- DATA BLOCK

============

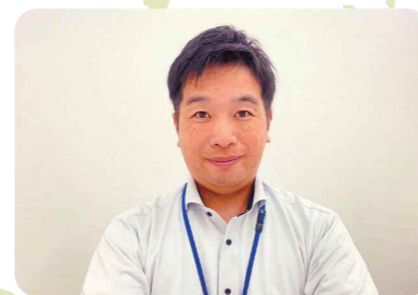
善通寺市社会福祉課の支援員
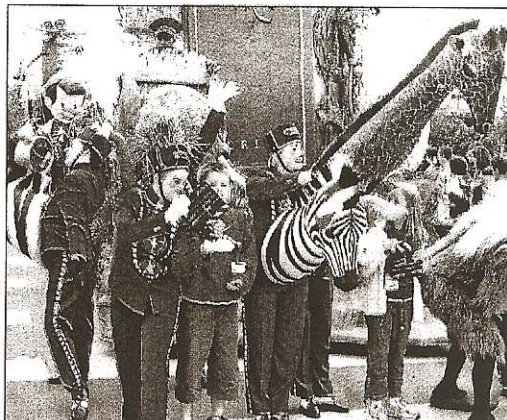
Le lion n'est pas appelé à rendre activement part à certains
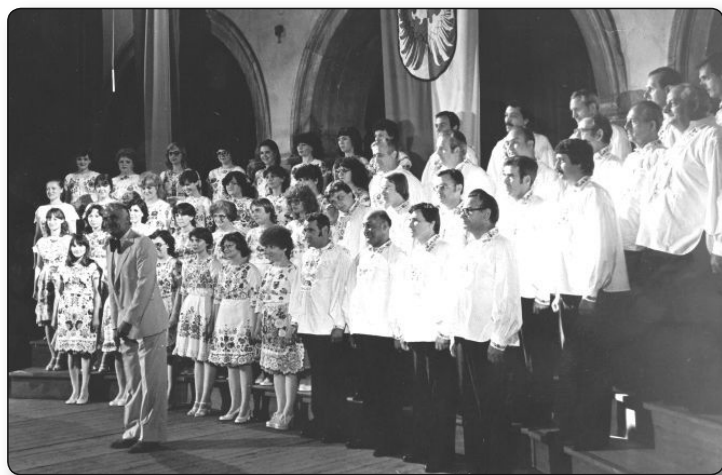
1981 Spittali Nemzetközi Verseny

akkori szocialista államok mellett Belgiumban, Svájcban, Ausztriában, Írországon és Walesben is megfordult – az utóbbi helyszínen rendezett 1978-as Llangollen-i Nemzetközi Kórusverse-

============

- WHAT TO WORK ON
Lines from the one that contains "Le lion n'est" through the last line of the data above are to be extracted exactly, with no pictures and no other lines.

- TASK ANSWER
Le lion n'est pas appelé à rendre activement part à certains
1981 Spittali Nemzetközi Verseny

akkori szocialista államok mellett Belgiumban, Svájcban, Ausztriában, Írországon és Walesben is megfordult – az utóbbi helyszínen rendezett 1978-as Llangollen-i Nemzetközi Kórusverse-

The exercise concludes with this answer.